For perfect periodic scheduling with identical processing times, Bar-Noy et al. (2004) consider two objective measures of maximum and weighted average ratios between the allocated periodicity and requested periodicity. They present a few efficient heuristic algorithms using a methodology, called *tree scheduling*, based on an hierarchical round-robin approach, where the hierarchy is a form of tree. Bar-Noy et al. (2002b) develop tree-based approximation algorithms for perfect periodic scheduling with the objective of minimising weighted average ratios between the allocated periodicity and requested periodicity. Brakerski et al. (2003) study the question of dispatching in a perfect periodic schedule, namely how to find the next item to schedule, assuming that the schedule is already given somehow.

All of the above approaches to finding a perfect periodic schedule are limited in the range of schedules which they consider.
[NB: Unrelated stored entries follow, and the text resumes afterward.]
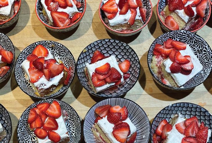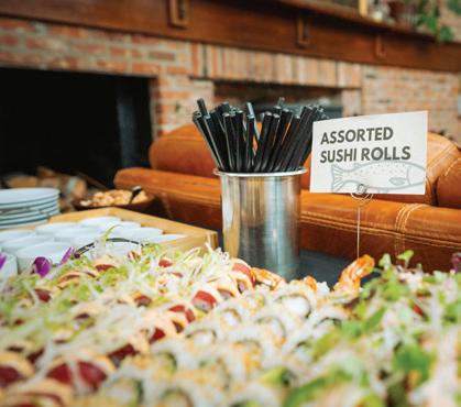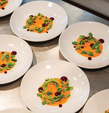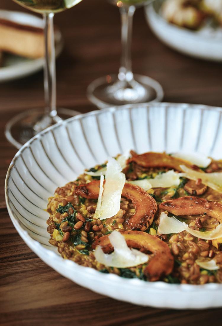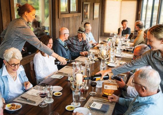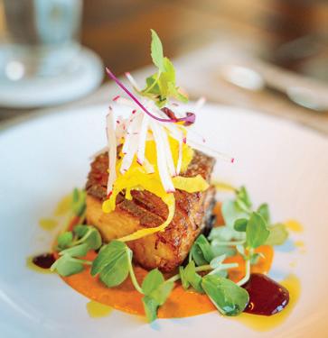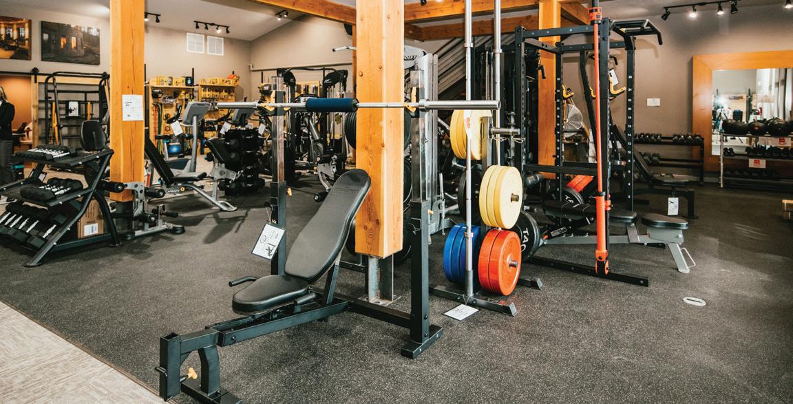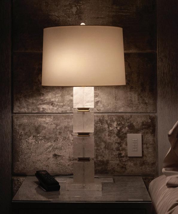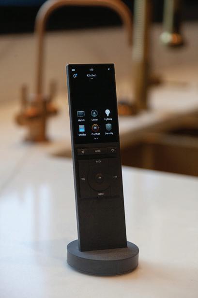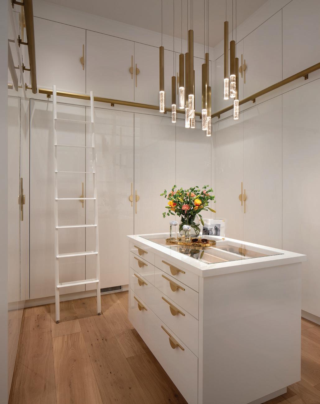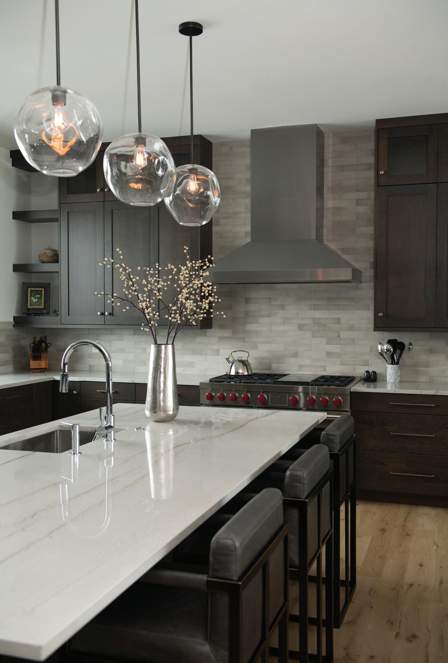 Thoughtful design offers every feature a family might want, including floor-to-ceiling windows on both levels to capture valley and mountain views, plenty of wide-open entertainment and living spaces for big family gatherings, guest rooms, and a wellness center. “Our numberone goal was to let the light in,” Caleo says. “There are unobstructed views out the kitchen and great room windows, which open via telescoping doors onto an expansive deck with covered outdoor dining and lounging space. It’s as easy to have a party outside as inside.”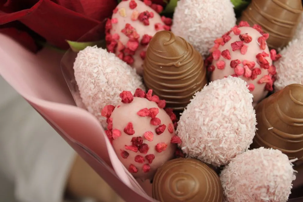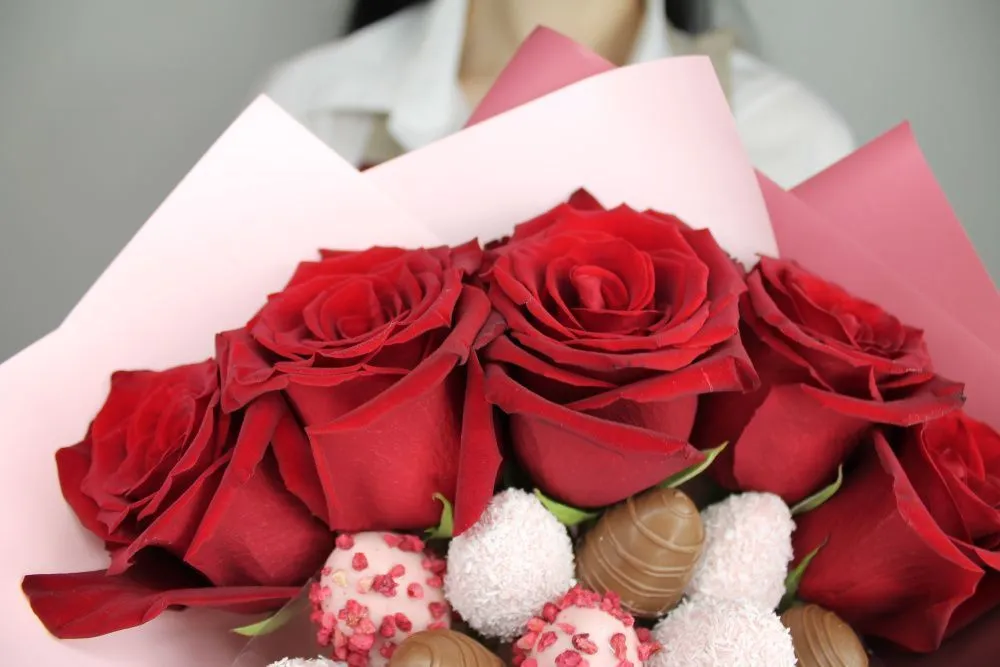 Мы собираем клубничные букеты по весу, а не по штукам. Количество, форма и размер ягод могут отличаться — ведь каждая ягода уникальна.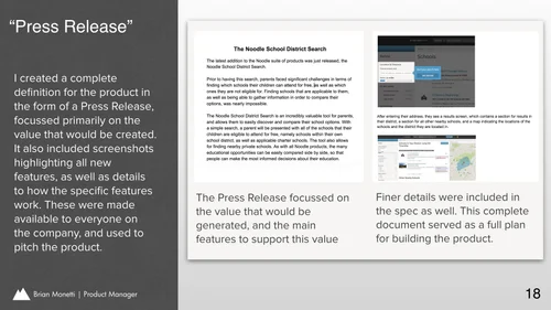 I led the design and creation of the Noodle Preschool Search, a product which matches people the most relevant of over 175,000 preschools based on twelve different criteria.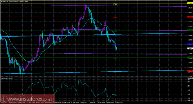Хайкен Аши – индикатор, окрашивающий бары в голубой или фиолетовый цвета.Материал предоставлен компанией InstaForex - www.instaforex.comТехническая картина инструмента GOLD по системе «Каналы регрессии» за 20 июня 2017 года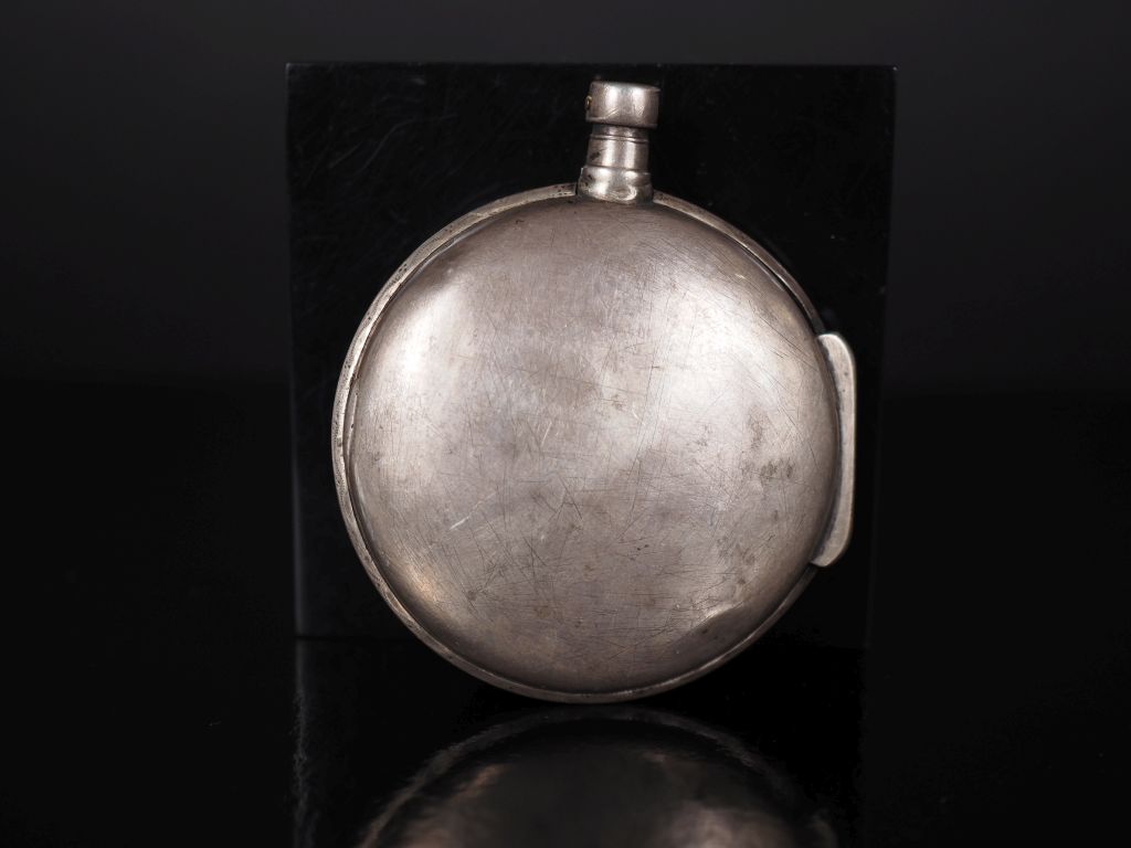 Montre de gousset en argent. Cadran émaillé à chiffres arabes pour les heures et chemin de fer pour les minutes. Diam. 60 mm Poids tel. 113 g (petits manques et accidents)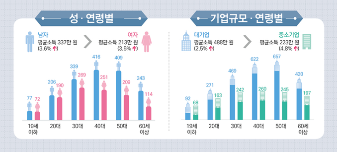 연령대별 남녀 평균소득 차이는 50대가 200만원으로 가장 컸고, 40대 165만원, 60세 이상 129만원, 30대 70만원, 20대 16만원, 19세 이하 5만원 순이었다. 여성은 30대(269만원)의 평균소득이 가장 높았고 남성은 40대(416만원)대가 가장 높았다.

For example, tree scheduling algorithms (Bar-Noy et al. 2002b; Brakerski et al. 2003) restrict their solution space to a set of periodicities with a non-trivial greatest common divisor. Moreover, Brakerski et al. (2006), Patil and Garg (2006), and Chen and Huang (2008) constrain solutions to those for which the ratio between any pair of two allocated periodicities is a power of 2. Thus, further improvements in heuristics depend upon being able to establish perfect periodic schedules with a wider range of periodicities. Additional motivation for developing our understanding of perfect period scheduling, arises in the context of wireless mesh networks where the response time variability in transmissions, known as *jitter*, is an important issue. Jitter relates to quality of reception and is measured by total response time variation as well as the ”bottleneck metric,” of maximum deviation from an ideal interval, identified by Steiner and Yeomans (1993). Corominas et al. (2007) provide effective heuristics for measures which prove to be optimal for the case of two tasks. However, they avoid attempts to find solutions with no interval variation, which are perfectly periodic, because of ”the serious practical disadvantage \(\ldots \) that there may not be a feasible solution.”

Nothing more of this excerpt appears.